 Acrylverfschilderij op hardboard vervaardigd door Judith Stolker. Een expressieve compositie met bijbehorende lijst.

|---|

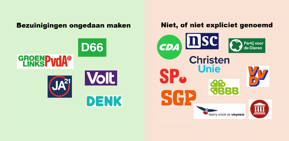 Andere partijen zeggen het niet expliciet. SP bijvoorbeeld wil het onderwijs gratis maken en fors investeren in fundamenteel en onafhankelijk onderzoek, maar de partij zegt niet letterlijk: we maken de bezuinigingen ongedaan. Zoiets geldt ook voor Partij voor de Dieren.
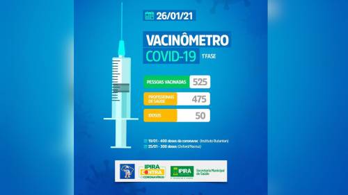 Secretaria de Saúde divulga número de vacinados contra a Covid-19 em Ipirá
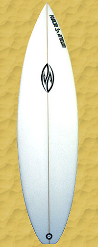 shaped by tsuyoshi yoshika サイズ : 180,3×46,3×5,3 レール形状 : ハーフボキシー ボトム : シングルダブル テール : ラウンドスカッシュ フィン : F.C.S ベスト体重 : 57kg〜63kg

|---|

**What to do**:
Copy nothing but the lines above that run from the one with "Andere partijen zeggen" to the one with "shaped by tsuyoshi", ends included; pictures stay out.

**Task answer**:
 Andere partijen zeggen het niet expliciet. SP bijvoorbeeld wil het onderwijs gratis maken en fors investeren in fundamenteel en onafhankelijk onderzoek, maar de partij zegt niet letterlijk: we maken de bezuinigingen ongedaan. Zoiets geldt ook voor Partij voor de Dieren.
 Secretaria de Saúde divulga número de vacinados contra a Covid-19 em Ipirá
 shaped by tsuyoshi yoshika サイズ : 180,3×46,3×5,3 レール形状 : ハーフボキシー ボトム : シングルダブル テール : ラウンドスカッシュ フィン : F.C.S ベスト体重 : 57kg〜63kg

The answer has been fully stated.